![]()
A aplicação da vacina Qdenga durante o surto de dengue de 2024 no Brasil conseguiu reduzir as hospitalizações em 68% entre a população adolescente vacinada. Os dados, que surgem de um estudo observacional realizado no estado de São Paulo, fornecem a primeira prova da efetividade do imunizante no mundo real, depois de a sua aprovação se ter baseado essencialmente em ensaios clínicos.
A investigação, publicada esta semana na revista The Lancet Infectious Diseases, foi conduzida por Otavio Ranzani, do Instituto de Investigação Sant Pau, em parceria com Júlio Croda, da Fundação Oswaldo Cruz (Fiocruz). Perante a dimensão da epidemia, que fez do Brasil um cenário de quase 6,6 milhões de casos e mais de seis mil mortes no ano passado, as autoridades sanitárias locais optaram por priorizar a vacinação em adolescentes entre os 10 e os 14 anos.

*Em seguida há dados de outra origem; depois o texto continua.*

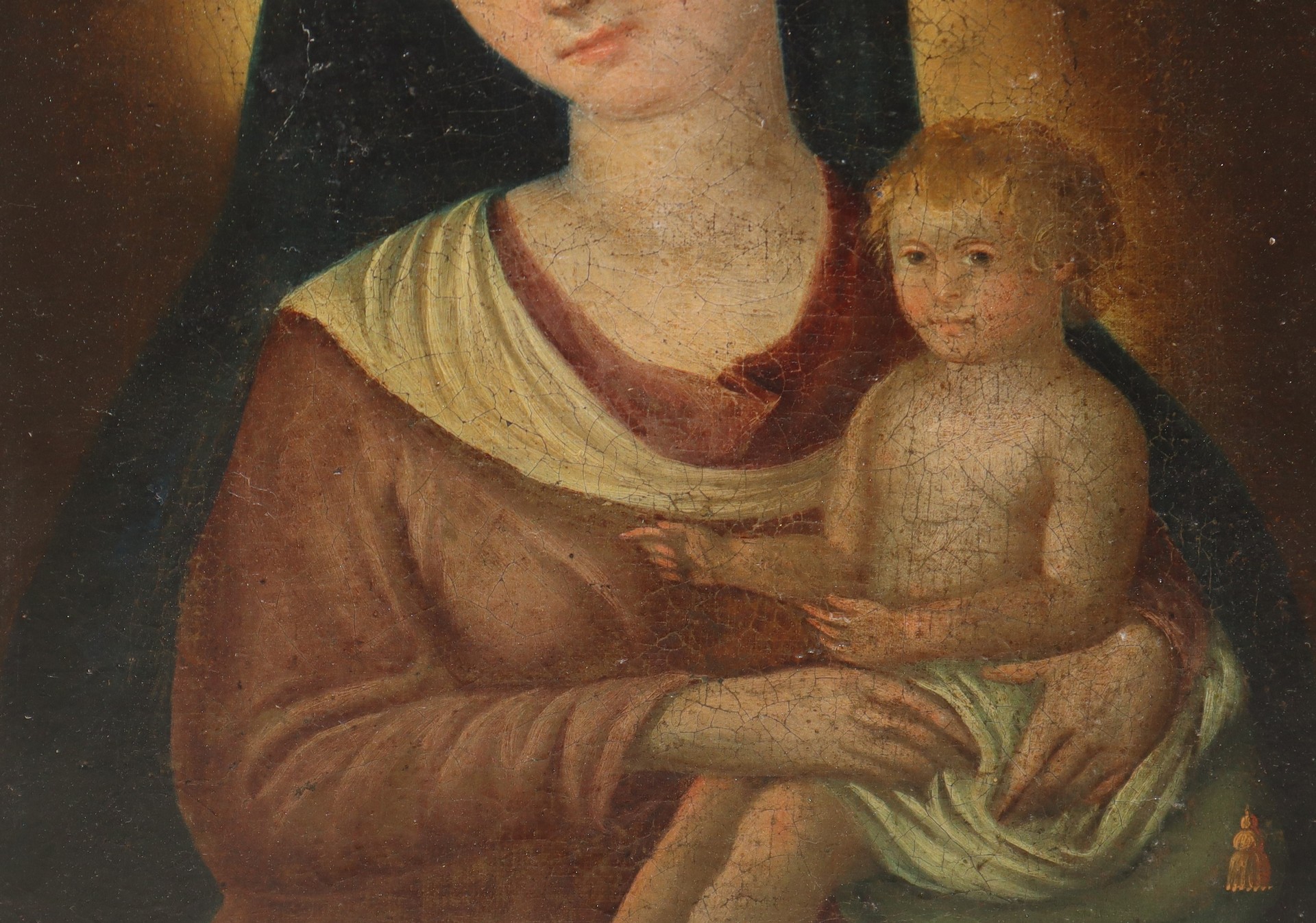 Madonna con bambino (Mater Divinae Gratiae), Anonymous painter of the 18th/19° secolo H cm 40x30 - in cornice H cm 49.5x39.5 Olio su tela

Esta faixa etária, sabe-se, representa nos contextos endémicos um grupo com elevada incidência de casos sintomáticos e risco clínico considerável.
A campanha de imunização, que avançou em plena turbulência epidemiológica, administrou perto de 690 mil doses da Qdenga, uma vacina tetravalente desenvolvida para conferir proteção contra os quatro serotipos do vírus. A equipa de Ranzani e Croda meteu então as mãos na massa, analisando os registos de mais de 90 mil adolescentes que apresentaram febre aguda e foram sujeitos a testes laboratoriais para confirmar ou excluir a dengue. A análise comparou a taxa de vacinação entre os que testaram positivo e os que testaram negativo, um método que permite aferir a efetividade real da vacina fora do ambiente controlado dos laboratórios.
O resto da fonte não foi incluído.